Home / Fall 2015 / 2015-09-17 / The Daily Strange: Research shows that stereotypes of young people are false

The Daily Strange: Research shows that stereotypes of young people are false

Photo Illustration: Kayla Stroud/THE SPECTATOR

Written by LaMarcus Wilkerson, Staff Writer

Students have no sense of responsibility and are only concerned for themselves. Full-time and part-time students that work are sluggish and are careless about work ethics. They are vanity slaves and their arrogance limits their growth in the workplace. They are unappreciative of success and feel like they are entitled to it.

These declarations are merely stereotypes that are often placed on students.

You may think these stereotypes of our generation are repulsive and misleading. In fact, you’re not wrong.

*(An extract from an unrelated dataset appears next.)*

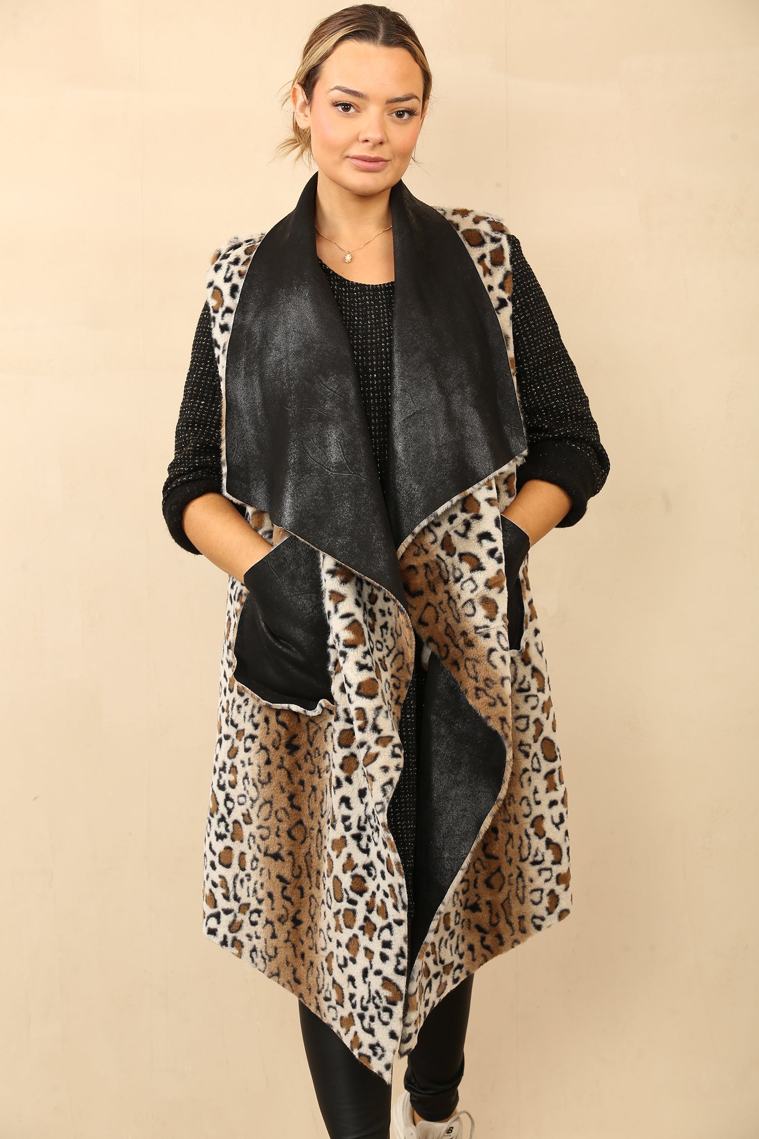 Faux Suede Leaopard print reverseible gilet

It’s not only morally incorrect to categorize a group of people and assume they are all alike; it’s not logical and cannot serve as the basis for an effective argument.  Truth lies in extensive research. That’s what author Jeffery Arnett found.

According to his article from the Harvard Business Review, two decades of evidence has been gathered from young people between the ages 19 to 29. In his article, titled “What Really Motivates Workers in their 20’s”, Arnett said young people in their 20’s are in a stage of life called “emerging adulthood”. Simply put, this is a transition into the realities (and perils) of adulthood.

His research consisted of numerous detailed interviews and surveys that involved thousands of young adults.

His research not only says that the stereotypes of young people are false but today’s rising generation is ambitious, despite popular belief.

According to the recent 2015 Clark University Poll of Emerging Adults, 89 percent of “emerging adults” claim they would try their best with any job. Yet, 40 percent agreed that they would do just enough to get by.

78 percent feel they would work up to get the career they desire but disprove of being taking advantage of.

However, today the line between the business and personal life is intertwined in the lives of young adults.

In fact, according to the survey 54% of young people believe there is nothing wrong with checking their social media page or texting on the job. We all know what an employer thinks on that. The phrase, “get off your phone” often rings a bell.

79 percent of emerging adults say that it’s not all about the money and 86% would prefer a career that emits positivity into the world.

This evidence gathered over two decades proclaims that it’s wrong to assume that all young adults are slothful and ungrateful.

Categorizing a group of people because of stereotypes administered by society doesn’t apply to logic. In fact, it does the opposite.

Everyone knows the old saying about opinions.